I’ll be the first to admit that there is an overwhelming array of bunting tutorials out there and nearly as many different methodologies.

My tutorial is not the fastest method, but it is a relatively straightforward way of making bunting that will withstand a bit of rough treatment over the years and come out of storage in a fairly presentable state.

If you’re a seasoned crafter looking for something simple to follow then use the headings in bold as a framework for your crafting.

Otherwise, I hope that my general ramblings provide a few hints and tips that I’ve picked up over the years, most often as a result of frustration, tears and abandoned projects.

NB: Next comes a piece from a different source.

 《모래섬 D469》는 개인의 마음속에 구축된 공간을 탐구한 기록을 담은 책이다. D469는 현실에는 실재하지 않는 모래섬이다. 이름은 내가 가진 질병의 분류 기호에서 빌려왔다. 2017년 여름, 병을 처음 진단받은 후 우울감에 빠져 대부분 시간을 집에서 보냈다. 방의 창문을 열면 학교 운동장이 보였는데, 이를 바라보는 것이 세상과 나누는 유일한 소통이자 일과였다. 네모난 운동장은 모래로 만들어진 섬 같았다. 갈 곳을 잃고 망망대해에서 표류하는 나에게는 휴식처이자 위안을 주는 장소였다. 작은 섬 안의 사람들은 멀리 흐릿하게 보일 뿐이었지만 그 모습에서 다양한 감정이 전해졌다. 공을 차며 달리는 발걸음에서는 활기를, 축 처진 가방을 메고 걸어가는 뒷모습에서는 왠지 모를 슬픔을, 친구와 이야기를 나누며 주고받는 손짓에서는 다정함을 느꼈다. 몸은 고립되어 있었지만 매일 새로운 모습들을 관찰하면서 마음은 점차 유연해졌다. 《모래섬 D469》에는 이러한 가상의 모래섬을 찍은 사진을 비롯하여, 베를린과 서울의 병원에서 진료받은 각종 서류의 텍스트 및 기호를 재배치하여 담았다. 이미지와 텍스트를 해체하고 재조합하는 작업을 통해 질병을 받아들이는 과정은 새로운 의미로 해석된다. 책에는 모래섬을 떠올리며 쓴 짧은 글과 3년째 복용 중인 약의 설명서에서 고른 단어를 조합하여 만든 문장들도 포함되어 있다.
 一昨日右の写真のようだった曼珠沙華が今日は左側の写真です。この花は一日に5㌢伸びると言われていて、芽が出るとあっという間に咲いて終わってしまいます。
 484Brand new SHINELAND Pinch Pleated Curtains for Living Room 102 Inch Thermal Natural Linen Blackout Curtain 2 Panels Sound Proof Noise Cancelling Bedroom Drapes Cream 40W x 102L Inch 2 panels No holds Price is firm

1. Get your materials together

So, you’ve been out to a shop/hit the online stores/raided your stash of fabric/cut up your children’s old clothes (not a joke – it can make a lovely run of “memory” bunting). You will also need bias binding of at least the length that you want your line of bunting to be, plus a little extra in case things end up longer than expected.

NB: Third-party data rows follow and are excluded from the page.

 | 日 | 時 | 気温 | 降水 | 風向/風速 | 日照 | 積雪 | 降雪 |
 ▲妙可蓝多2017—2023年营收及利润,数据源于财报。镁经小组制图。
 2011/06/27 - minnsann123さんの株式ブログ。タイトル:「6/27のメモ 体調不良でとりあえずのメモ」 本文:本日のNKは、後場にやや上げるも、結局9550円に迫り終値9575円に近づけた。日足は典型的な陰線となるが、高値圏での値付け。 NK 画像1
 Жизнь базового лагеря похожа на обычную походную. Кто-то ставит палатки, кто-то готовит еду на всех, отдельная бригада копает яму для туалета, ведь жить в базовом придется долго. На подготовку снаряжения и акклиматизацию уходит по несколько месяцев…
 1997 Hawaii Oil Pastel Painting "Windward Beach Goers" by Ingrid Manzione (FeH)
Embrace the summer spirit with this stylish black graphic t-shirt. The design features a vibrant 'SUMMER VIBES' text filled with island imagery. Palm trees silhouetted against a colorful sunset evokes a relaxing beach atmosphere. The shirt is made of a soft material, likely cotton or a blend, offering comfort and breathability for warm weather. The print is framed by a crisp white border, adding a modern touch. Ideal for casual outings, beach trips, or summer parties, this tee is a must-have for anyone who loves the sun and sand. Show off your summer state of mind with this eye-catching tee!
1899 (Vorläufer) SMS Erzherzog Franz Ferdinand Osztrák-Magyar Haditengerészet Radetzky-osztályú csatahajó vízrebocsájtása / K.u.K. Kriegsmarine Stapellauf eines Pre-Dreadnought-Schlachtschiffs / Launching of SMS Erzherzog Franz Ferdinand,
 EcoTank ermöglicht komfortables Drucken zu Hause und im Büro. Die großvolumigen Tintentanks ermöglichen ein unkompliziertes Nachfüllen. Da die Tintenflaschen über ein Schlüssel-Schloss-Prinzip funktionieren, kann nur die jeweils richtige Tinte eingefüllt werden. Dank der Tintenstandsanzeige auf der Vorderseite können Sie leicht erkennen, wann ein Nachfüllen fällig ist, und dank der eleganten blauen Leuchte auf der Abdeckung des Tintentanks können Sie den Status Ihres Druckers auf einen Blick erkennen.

I used a patterned fabric on both sides so I could use the bunting at a window if I wanted to.

You could just as easily use a plain fabric for the back of each triangle or, if you are feeling particularly inspired, you could even use different patterned fabric on each side so you get two bunting themes for the price of one. But make sure that whatever fabric you use doesn’t show through to the other side.

So, fabric chosen, you should hopefully have a needle, thread and scissors as a minimum.
Ideally, if you are anything like me, you’ll have a seam ripper too.

Mistakes happen.

A seam ripper means that you’re more likely to have your sanity intact by the end of the project. Bonus!

If you’re hoping to run this off in a couple of nights then you’ll be needing access to a sewing machine. This isn’t a necessity – I love hand sewing and the individual look it gives to a project. In this case, however, if you’re undecided between the two options then I would recommend a sewing machine for the more uniform finish that it gives.

An iron is useful too. Yes, getting it out to press your fabric does seem like a faff but it does give a much better finish and helps save mistakes. Believe me, I wouldn’t be suggesting this if I didn’t genuinely believe it to be worth the effort. Unpicking is infinitely more frustrating.

On that note, I’d recommend that you wash and iron the fabric. Fabric shrinks and if you are using a combination of fabrics then they may shrink at varying rates, causing your beloved bunting to go all wrinkly or wonky.

So if you’re in a huge rush then you may want to grab yourself some pinking sheers and a different tutorial, having decided that this tutorial is not the method for you.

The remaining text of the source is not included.